Behavioural finance - touchy feely psycho-babble or financial planning essential? Laura Miller looks at the birth and evolution of a phenomenon.
If you asked someone, "do you want to lose money", the answer is undoubtedly going to be "no".
So everyone acts in their own best financial interest, right? Not according to the fathers of behavioural finance, Amos Tversky and Daniel Kahneman.
Never heard of them? Well you should have. Kahneman was awarded the Nobel Memorial Prize in Economic Sciences in 2002, and in both 2011 and 2012 he made the Bloomberg 50 most influential people in global finance list – despite being a psychologist.
Is behavioural finance worth advisers’ attention?
Why all the accolades? Well, during their research Tversky and Kahneman hit upon a series of behavioural biases, ways in which humans act contrary to their own interests.
They outlined several of these behaviours in their paper, Judgement Under Uncertainty (1973).
The paper is pretty dense but essentially what they found was that people do not act in the way you think they would, i.e. taking in all the relevant information and working out the likelihood of things happening.
Instead, Kahnemann and Tversky showed that there are regular patterns of irrationality lying behind people's behaviour that work to disrupt their attempts to be rational, including about investments.
These are: that we judge people based on stereotypes; we assess the likelihood of events happening based on our ability to retrieve from memory similar events; and that we tend to make decisions based on some arbitrary starting point.
Their findings were in direct opposition to what is known as "conventional" or "modern" finance, the type of finance that is based on rational and logical theories, such as the capital asset pricing model (CAPM) and the efficient market hypothesis (EMH). These theories assume that people, for the most part, behave rationally and predictably.
One of the most basic assumptions that conventional economics and finance makes is that people are rational "wealth maximisers" who seek to increase their own wellbeing. According to conventional economics, emotions do not influence people when it comes to making economic choices.
Kahneman and Tversky revealed that this assumption does not reflect how people in the real world operate.
So, how can behavioural finance compliment the financial planning process?
The US-based National Association of Active Investment Managers (NAAIM) released an interesting report in April looking at this very question.
The report, Three fundamentals, using active management, behavioural finance and planning to reach client objectives, states the fundamental reason for portfolio management is to meet clients' objectives rather than to beat the market.
It highlights the need to use behavioural finance to keep clients' emotions in check and help them avoid making decisions that will inevitably limit their ability to meet those objectives, thereby allowing them to stay comfortably invested in all market environments.
To achieve this, NAAIM recommends using a combination of active and passive investing to provide added diversification and help manage client emotions during volatile markets.
Another way an adviser can help a client make future pleasures, such as wealth, less remote is by devoting time to discussing it, helping the client to imagine their future happiness.
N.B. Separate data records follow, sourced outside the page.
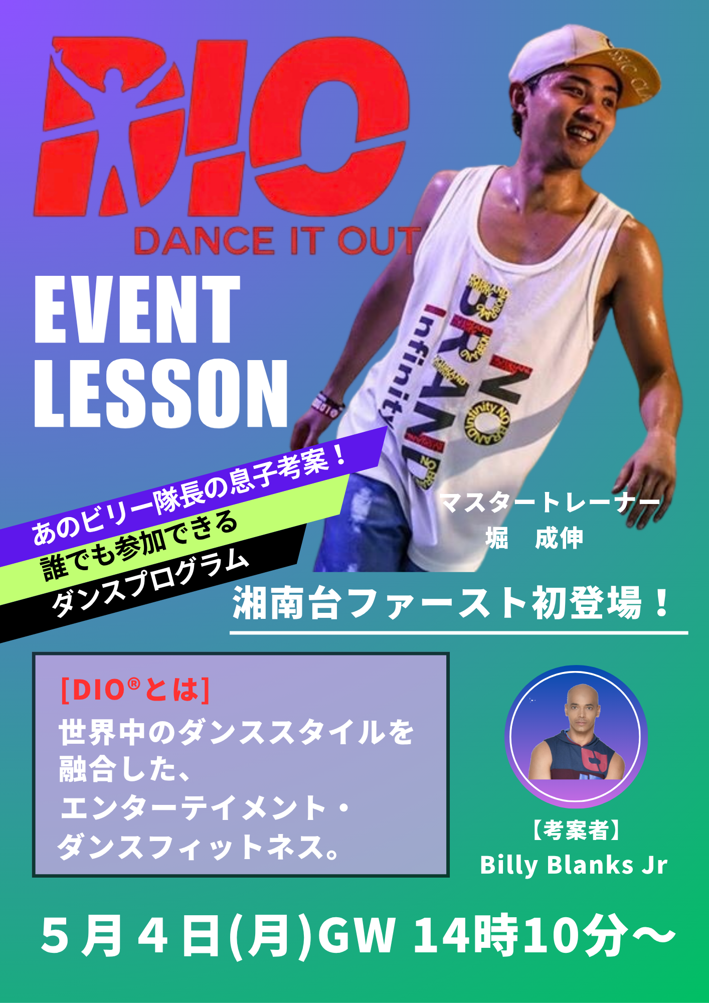 GWはファーストのイベントレッスンで盛り上がりましょう!あのビリー隊長の息子さんが考案したダンスプログラム「DIO®」がついにファースト上陸!マスタートレーナーの資格を持つ堀インストラクターが担当します!この機会にぜひご参加ください😊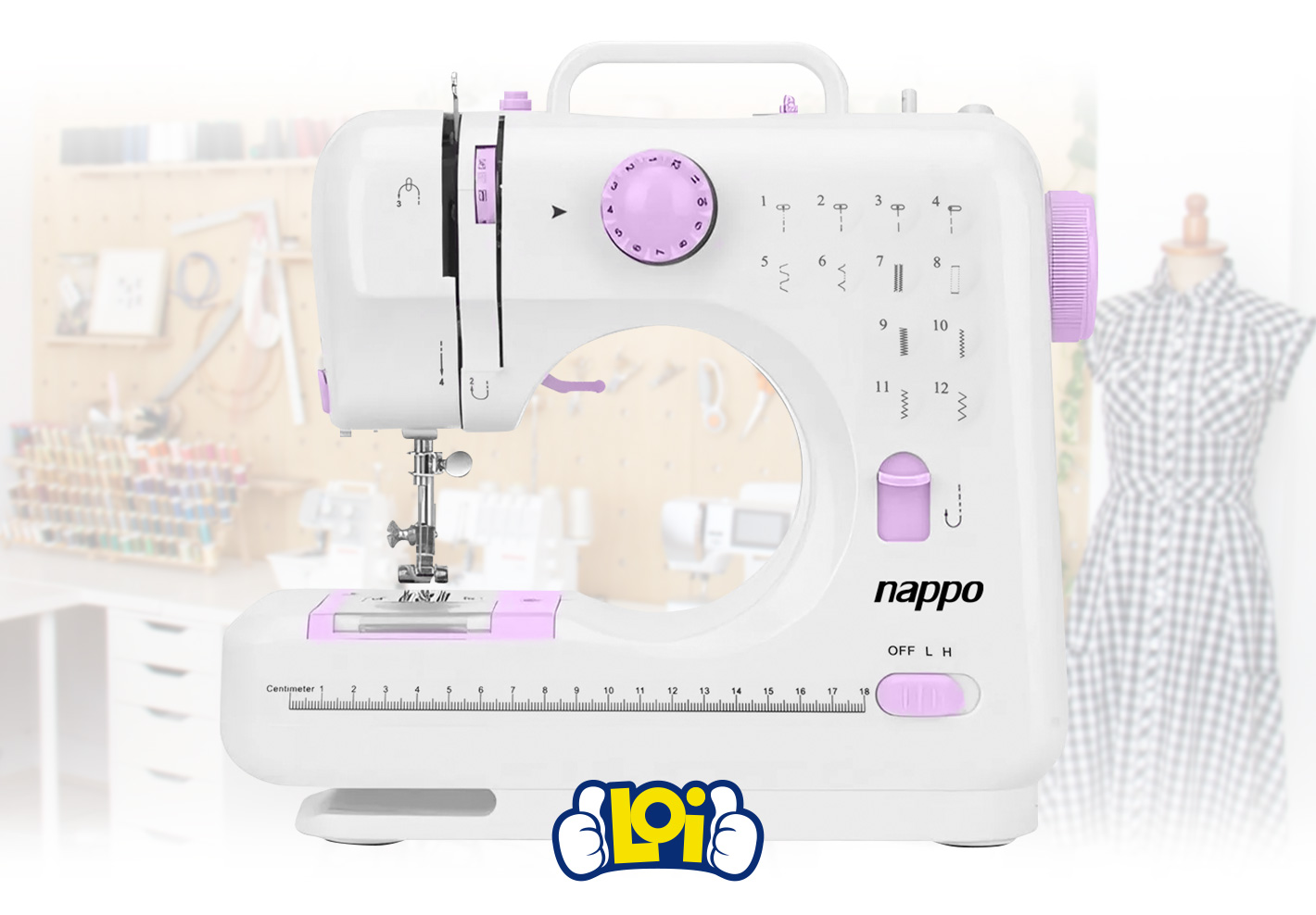 Máquina de Coser NAPPO con 12 Puntadas, Ojal de 4 Pasos, Iluminación LED y Pedal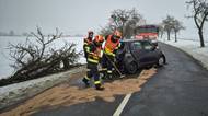 Dopravní nehoda na Kroměřížsku: Řidič sjel ze silnice a naboural do stromu, ten se silným nárazem zlomil
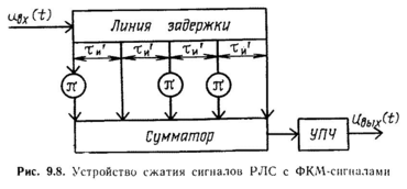 Обработка ФКМ сигнала осуществляется с помощью линии задержки с отводами, сигнал на каждом последовательном отводе появляется спустя время τсж. При этом на каждом выходе линии задержки включается фазовращатель.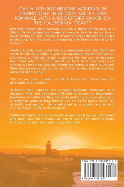Annie is afraid to lose everything she knows. John is starting over after his wife's death. Can they find their way together? As a divorced mother, Annie Gerhard’s friends and social life are enmeshed with the California coast. It’s the only home her 15-year-old son David has ever known and his father lives there, but she needs a high-paying job to maintain their lifestyle. A recession has made jobs in the Silicon Valley hard to find—especially for a woman in technology. Does she need to move somewhere else to give her son the future she wants him to have? Widower John Johnson has escaped Montana memories of a deceased wife and betraying girlfriend by buying an independent bookstore in California. Now he has to make it a success in spite of a recession while settling himself and his horse into a region full of traffic and people. Being attracted to a spunky woman with control issues is not on his to-do list. California Sunset is a story about two people facing real life issues who must earn their chance at love. If you enjoy women’s fiction with romantic elements, you’ll enjoy this book. Buy California Sunset, the first book in the California Romance Series, and settle down for a comfortable read. (Warning: This story is an abuse survivor romance and may trigger people who have suffered.)
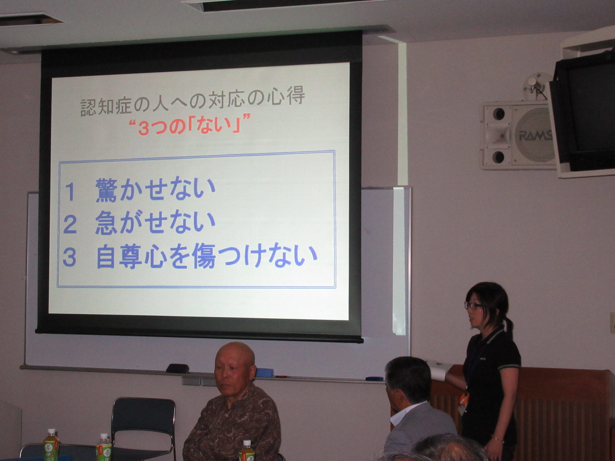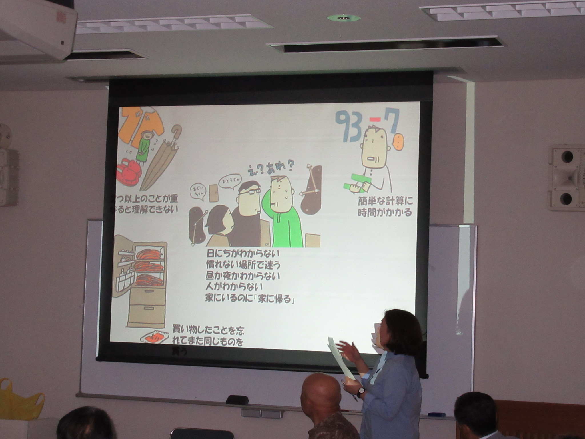 講義では、認知症の症状や認知症の方への対応方法、原因と予防・治療などについてお話ししました。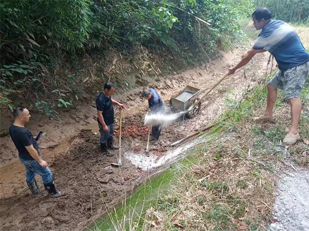8月4日,桃花江灌区管理局组织各管理所职工利用轮灌停水间隙,对隐患渠段进行抢修和清障。
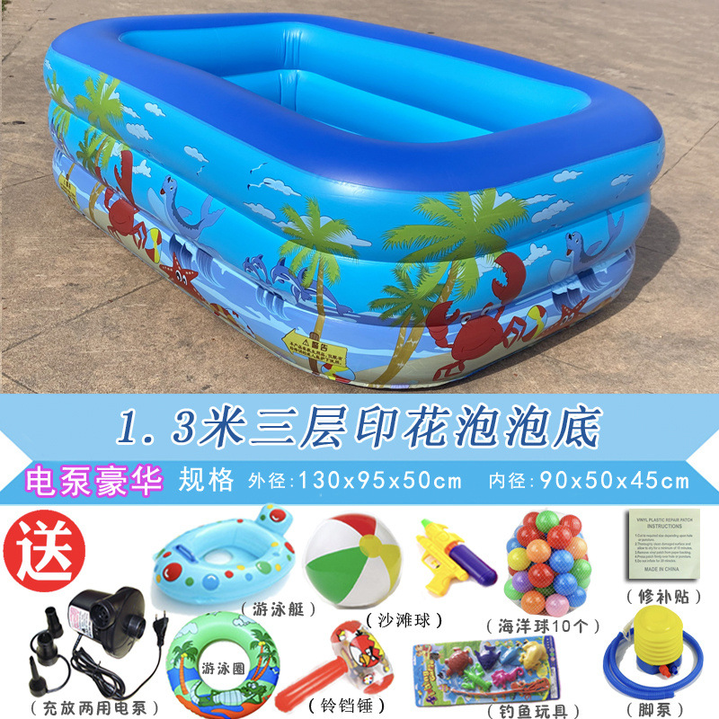 Роскошный пакет с электрическим насосом [быстрая надувание, много игрушек] - двухслойное пузырчатое дно длиной 1,2 м с принтом

Clients sometimes fear they are missing out on the next big thing, or get spooked by a dip in markets. But by using behavioural finance, financial advisers can help them develop patience, become more future focused and better appreciate future gains.
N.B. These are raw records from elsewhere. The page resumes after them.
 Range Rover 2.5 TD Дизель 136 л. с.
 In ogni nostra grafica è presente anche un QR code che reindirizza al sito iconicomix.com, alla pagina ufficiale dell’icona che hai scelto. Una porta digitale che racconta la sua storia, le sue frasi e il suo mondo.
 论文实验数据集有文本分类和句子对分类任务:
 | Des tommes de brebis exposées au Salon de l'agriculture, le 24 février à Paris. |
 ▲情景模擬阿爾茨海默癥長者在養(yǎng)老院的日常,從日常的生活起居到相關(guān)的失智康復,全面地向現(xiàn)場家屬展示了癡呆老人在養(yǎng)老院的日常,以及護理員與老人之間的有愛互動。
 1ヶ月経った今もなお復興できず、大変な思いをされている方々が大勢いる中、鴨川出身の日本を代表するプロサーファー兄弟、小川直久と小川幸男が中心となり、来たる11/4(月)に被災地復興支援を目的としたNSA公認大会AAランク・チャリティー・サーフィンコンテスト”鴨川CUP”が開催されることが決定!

Behavioural finance: Adviser head to head
FOR: Yellowtail Financial Planning managing director Dennis Hall
"I've long been intrigued by the behaviour of clients, like why would they do anything other than what I've suggested?! If I've understood the problem and presented the solution logically, what other forces are in play to cause them to do something else? The answer, it seems, lies in the emotions and biases that mess with our minds, and this is a fascinating topic.
"Gaining a greater understanding of how our behaviour sometimes doesn't work in our own best interests helps me understand my own irrational behaviour, and in turn helps me deal with my client's irrational behaviours.
"You can forget the passive versus active argument; behavioural finance is the real game-changer. If we can show our clients the behaviours that work against them, we stand a better chance of helping them achieve their goals, and put an end to the investment cycle of buying at the top and selling at the bottom."
AGAINST: Altior Vita financial planner James Brooke
"I don't think that behavioural finance can give you an edge on the market. It doesn't help us make a greater profit out of a market.
"Behavioural finance confirms rather than denies that markets are efficient. Just because an investor makes a bad decision doesn't mean the price of a stock is wrong – the market prices in herd mentality investing.
"The best way to capture returns is to invest in the market as a whole. Investing in asset classes is still the best thing to do even though people don't act rationally."